10 juin 20267 min de lecture

The Recruiter's Dilemma

You've sorted through 200 applications. You've conducted the interviews. And now, you're facing two excellent profiles — maybe three — for a single position.

This is the most delicate moment in recruitment. And paradoxically, it's often when decisions are least rigorous.

73% of recruiters admit that their final choice partly relies on "intuition" (Robert Half study, 2025). The problem? Intuition is another word for "unconscious bias." It favors candidates who resemble us, those who made us laugh during the interview, or simply the last one we met.

The cost of a wrong decision at this stage is maximum: you've invested time and money to get here, and choosing the wrong candidate means starting over in 6 months.

This article proposes a structured method to objectively differentiate your finalists.

Why Intuition Deceives Us

Before looking at the method, let's understand why our natural judgment is unreliable at this stage.

Recency Bias

The last candidate interviewed gets an unfair advantage: their interview is fresh in our memory. Details from previous interviews have faded, making comparison asymmetric.

Similarity Bias

We unconsciously prefer candidates who resemble us: same school, same interests, same communication style. This isn't intentional discrimination — it's a universal cognitive mechanism. But it can make us miss the best profile.

The Halo Effect

A candidate brilliant in one aspect (eloquence, prestigious background) is perceived as excellent in all others, even without evidence. Conversely, a visible weakness overshadows real strengths.

Decision Fatigue

After weeks of recruiting, our ability to analyze objectively diminishes. We look for mental shortcuts to conclude quickly — at the expense of decision quality.

The 5-Step Method

Step 1: Define Decisive Criteria (Before Interviews)

The ideal time to define your selection criteria is before meeting candidates — not after. Once you have faces and personalities in mind, your criteria risk unconsciously adapting to your favorite.

List 5 to 7 criteria maximum, divided into three categories:

Technical Skills (Hard Skills)

  • Mastery of position-specific tools
  • Experience in similar sector or context
  • Required certifications or training

Behavioral Skills (Soft Skills)

  • Leadership or teamwork ability
  • Written and oral communication
  • Stress and priority management

Cultural Fit and Motivation

  • Alignment with company values
  • Motivation for this specific role (not just "a job")
  • Medium-term projection within the organization

Weight each criterion according to its real importance for the role.
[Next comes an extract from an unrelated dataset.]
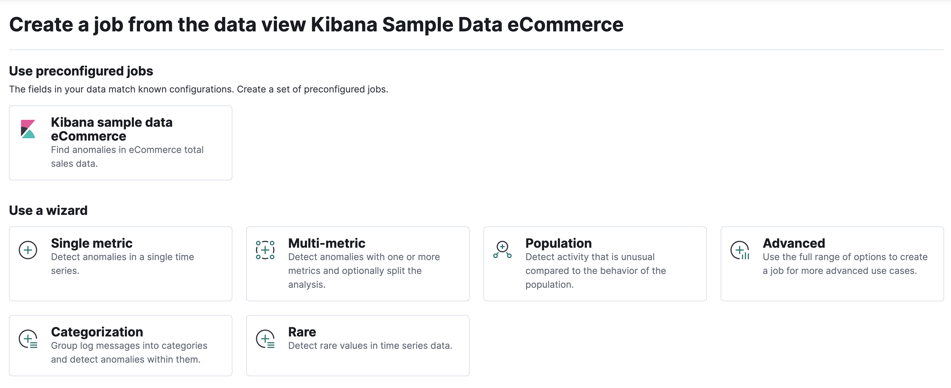 Kibana can also recognize certain types of data and provide specialized wizards for that context. For example, there are anomaly detection jobs for the sample eCommerce orders and sample web logs data sets, as well as for data generated by the Elastic Security and Observability solutions, Beats, and Elastic Agent Integrations. For a list of all the preconfigured jobs, see Supplied configurations.

A senior developer doesn't need the same soft skills as a field salesperson. Be honest about what truly matters.

Step 2: Score Each Candidate Independently

After each interview, rate the candidate on each criterion before comparing them to others. Use a simple scale:

Score Meaning
1 Does not meet expectations
2 Partially meets expectations
3 Meets expectations
4 Exceeds expectations
5 Exceptional, beyond required

Golden rule: justify each score with a factual element. "Communication: 4 — clearly reformulated a technical problem for a non-expert audience during the interview." Without justification, the score is worthless.

Step 3: Compare Profiles Visually

Once all interviews are complete, create a comparison table:

Criterion (weight) Candidate A Candidate B Candidate C
Technical expertise (×3) 4 5 4
Project management (×2) 5 3 4
Communication (×2) 4 4 5
Leadership (×1) 3 4 3
Motivation (×2) 5 4 3
Weighted Score 43 41 39

This table often reveals surprises. The candidate who seemed "obvious" doesn't always have the best score. And that's precisely the point: it neutralizes your biases.
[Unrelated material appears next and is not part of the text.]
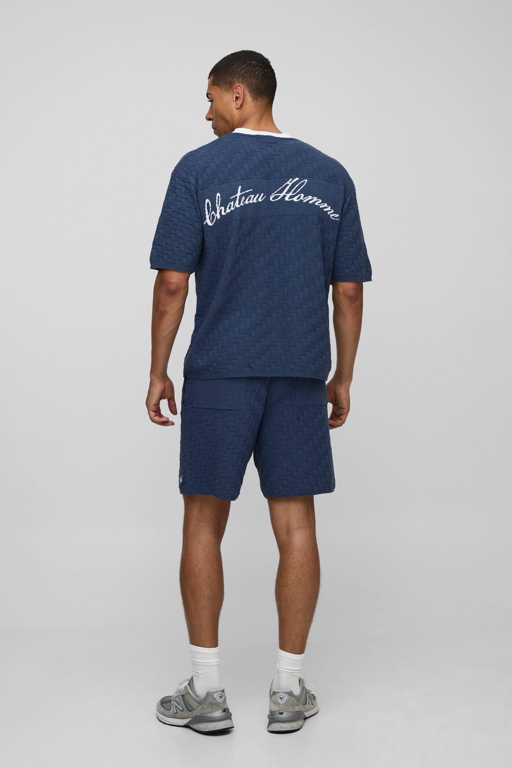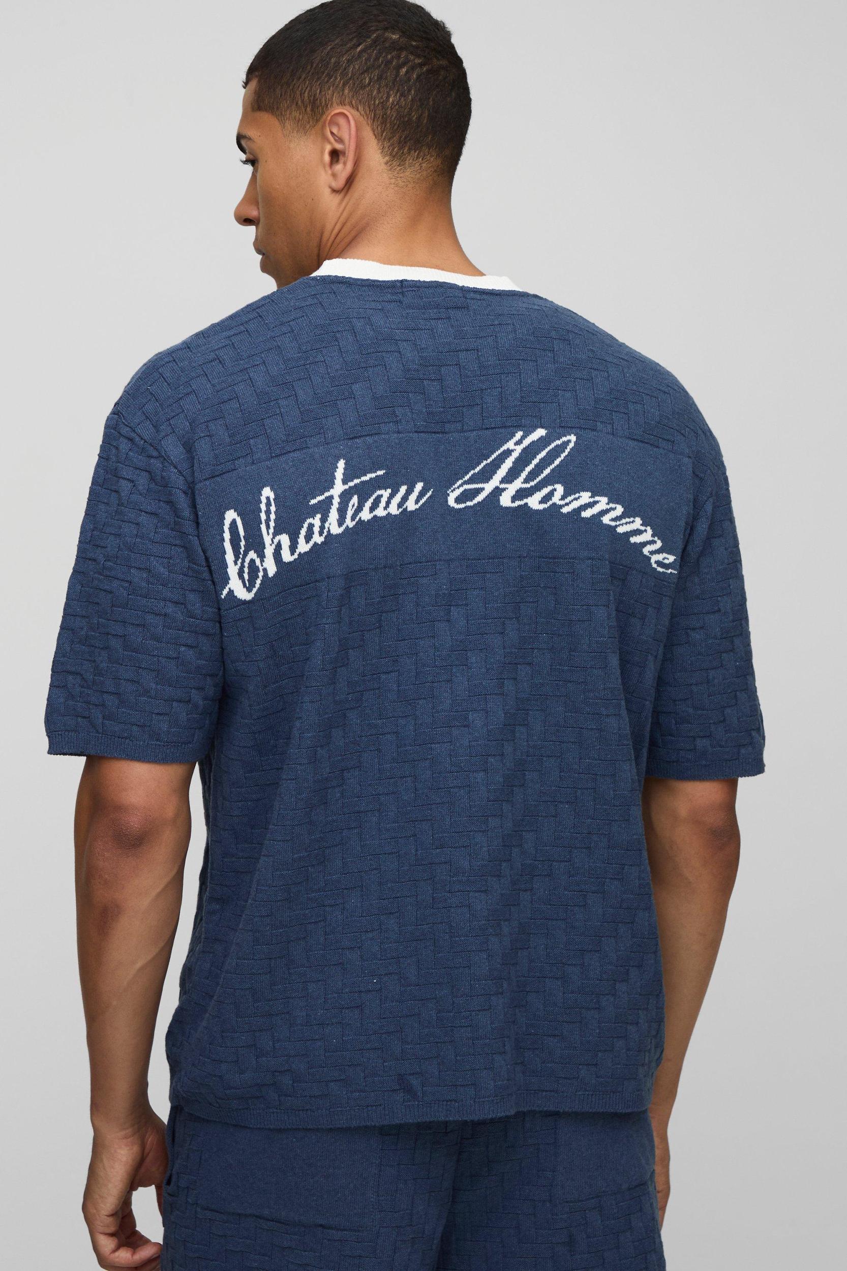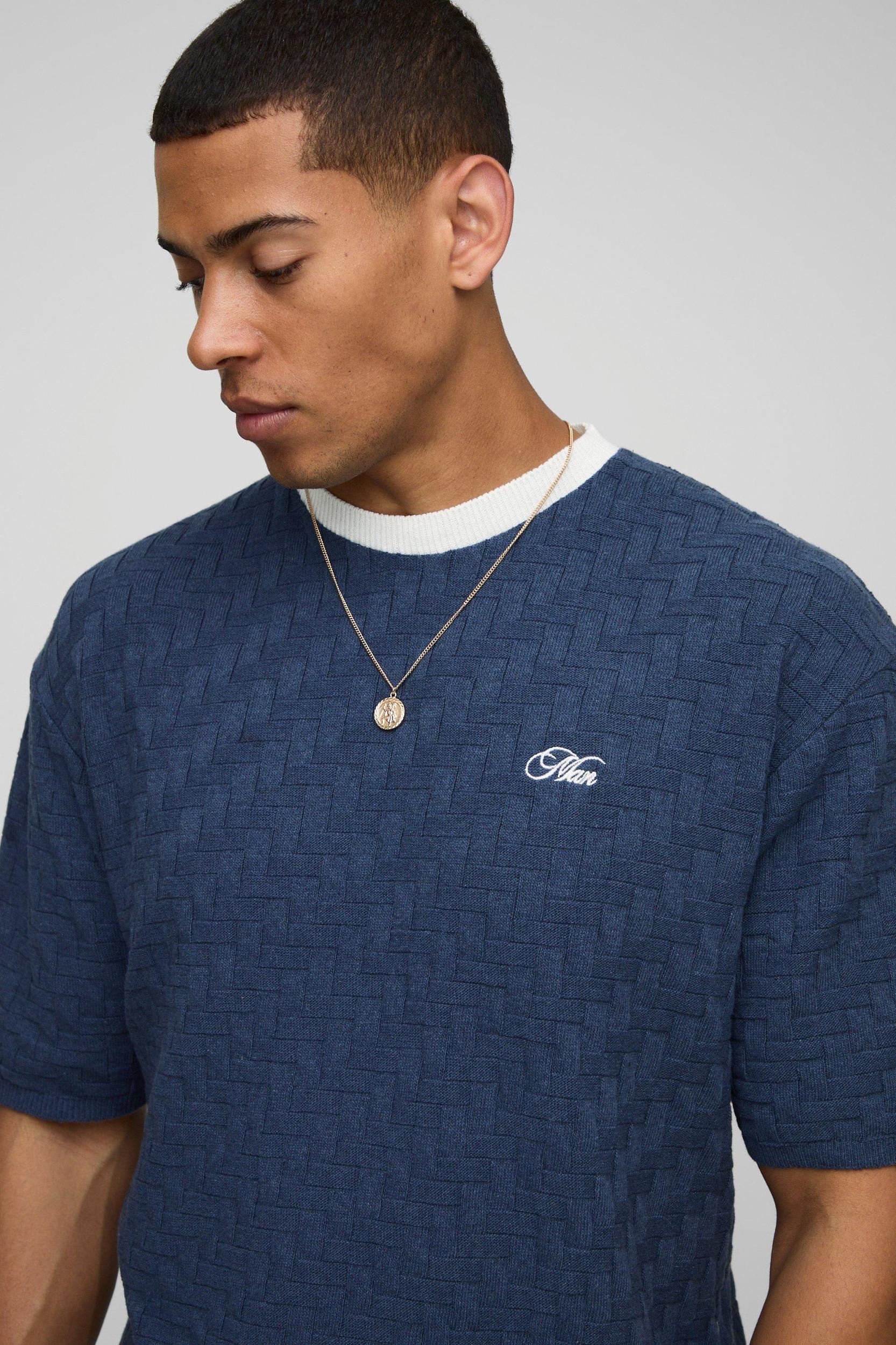 MAN Boxy Embroidered Crosshatch Knitted T-Shirt | boohooMAN USA
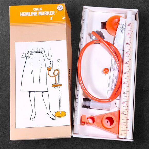A rare survivor from the golden age of home sewing! This vintage chalk hemline marker (Model No. 2901) was made in West Germany and comes complete in its original box with instructions. The marker appears unused chalk has never been opened, stand parts are clean, and the delicate instruction sheet is still intact.

Step 4: Analyze Significant Gaps

An overall score isn't enough. Look at where the differences lie.

Gaps on Priority Criteria If your most important criterion (weight ×3) shows a 2-point gap between two candidates, it's decisive. Conversely, a gap on a secondary criterion can be ignored.
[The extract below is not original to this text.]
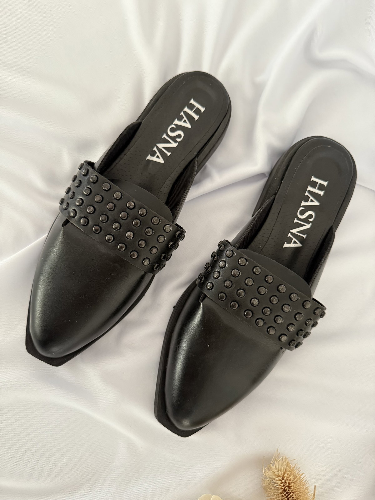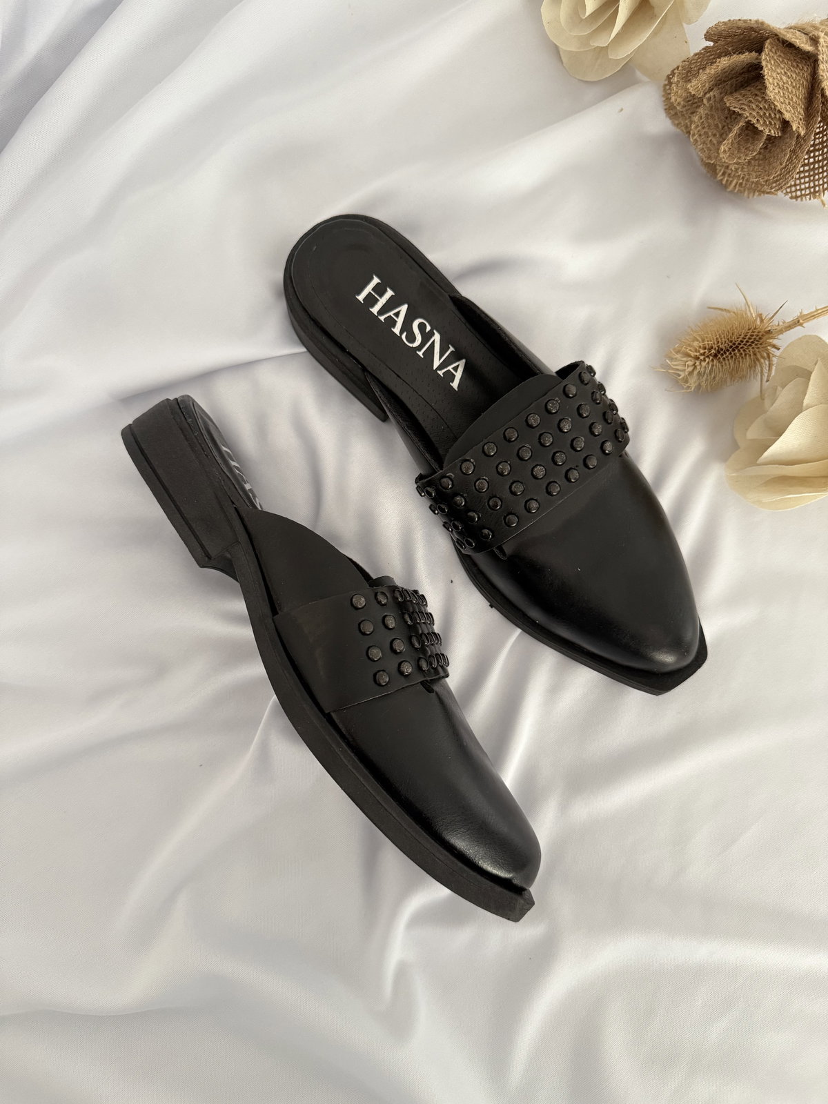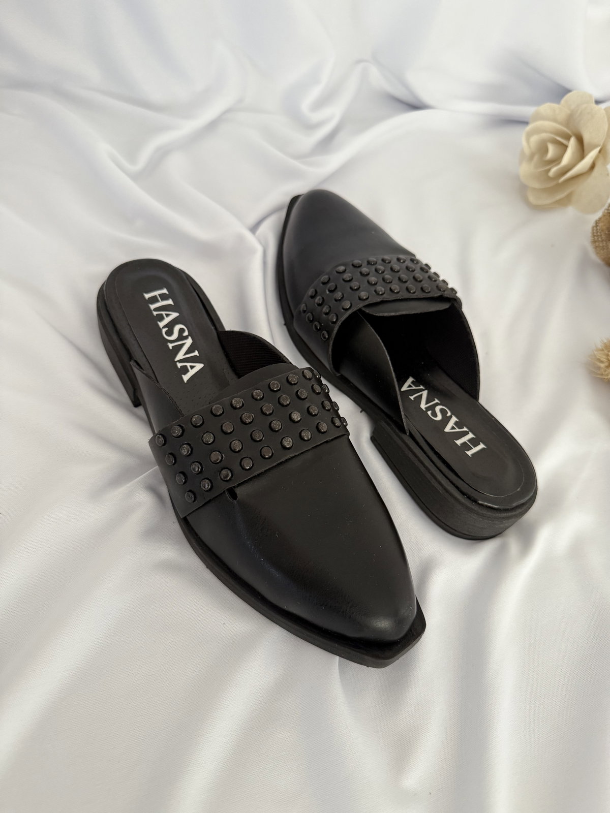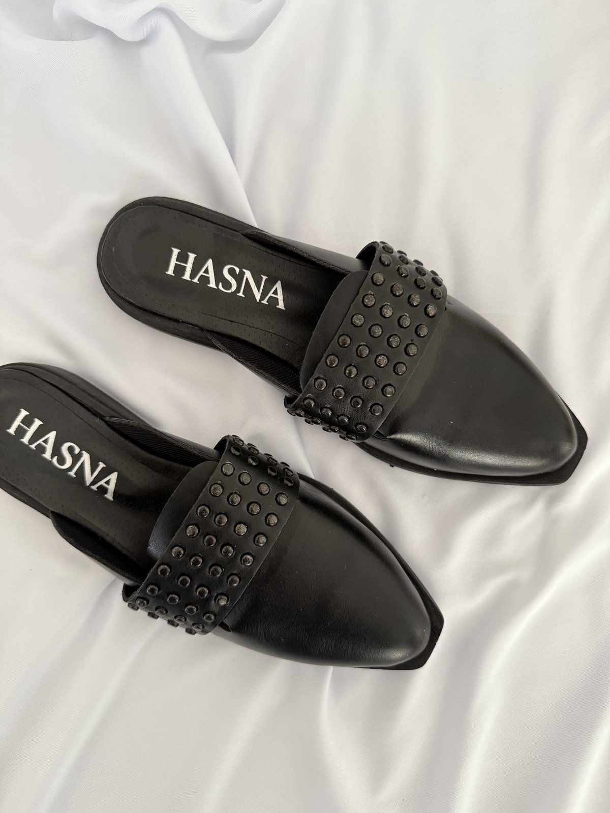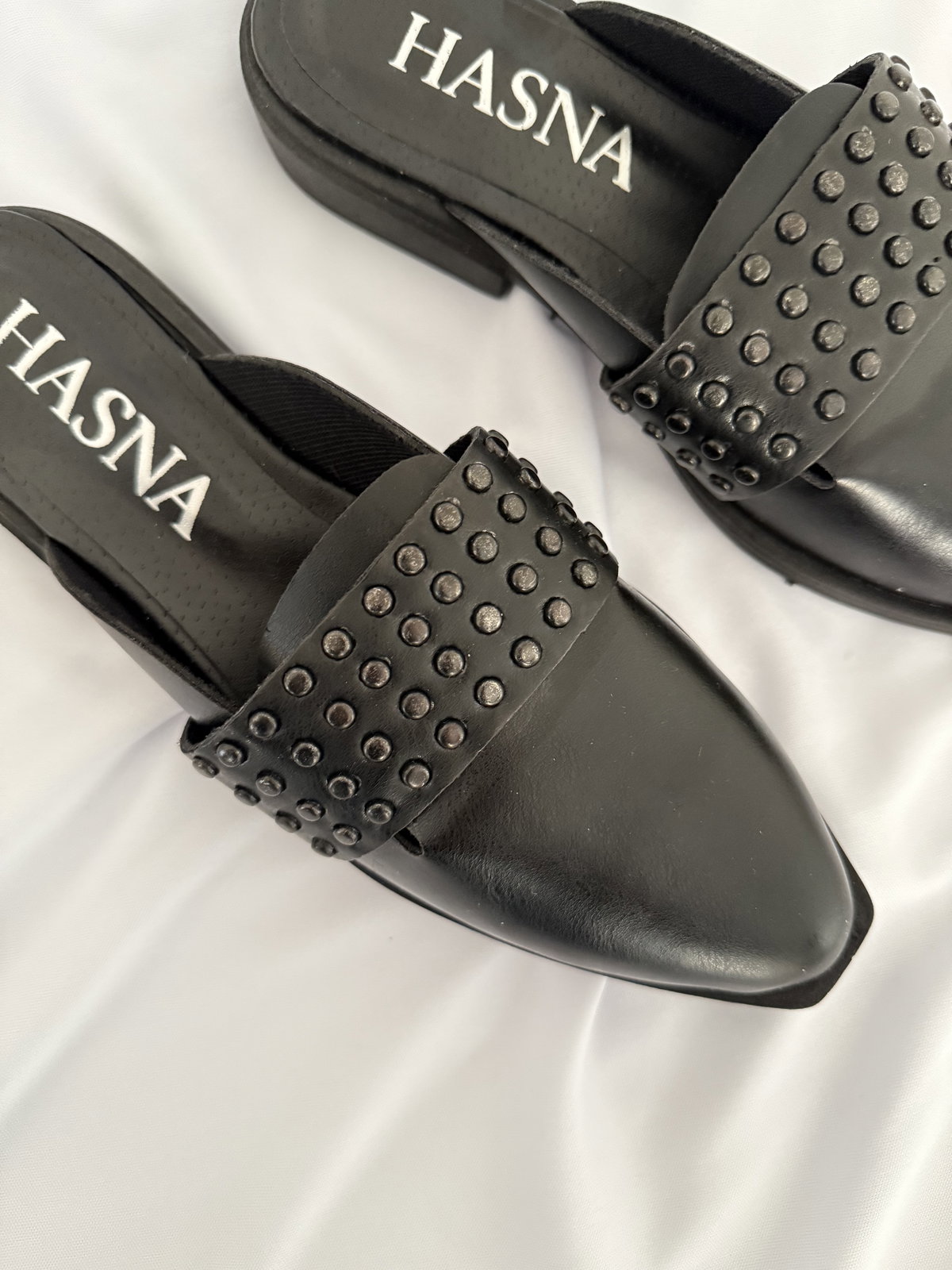 Zuecos en punta realizados en cuero ecológico P.U, taco de 2cm

"Specialist" vs "Generalist" Profiles

  • Candidate A: 5-5-3-3-3 (excellent on two criteria, average elsewhere)
  • Candidate B: 4-4-4-4-4 (solid everywhere, excellent nowhere)

Which to choose? It depends on the role. A technical expert position favors the specialist. A cross-functional role favors the generalist. There's no universal answer.

Hidden Red Flags A score of 2 on an important criterion is a warning signal, even if the overall score is good. Ask yourself: "Can I live with this weakness daily?"

Step 5: The Reverse Question Test

Still hesitating? Ask yourself this question:

"If I had to justify this choice to my manager in 6 months, what objective arguments could I present?"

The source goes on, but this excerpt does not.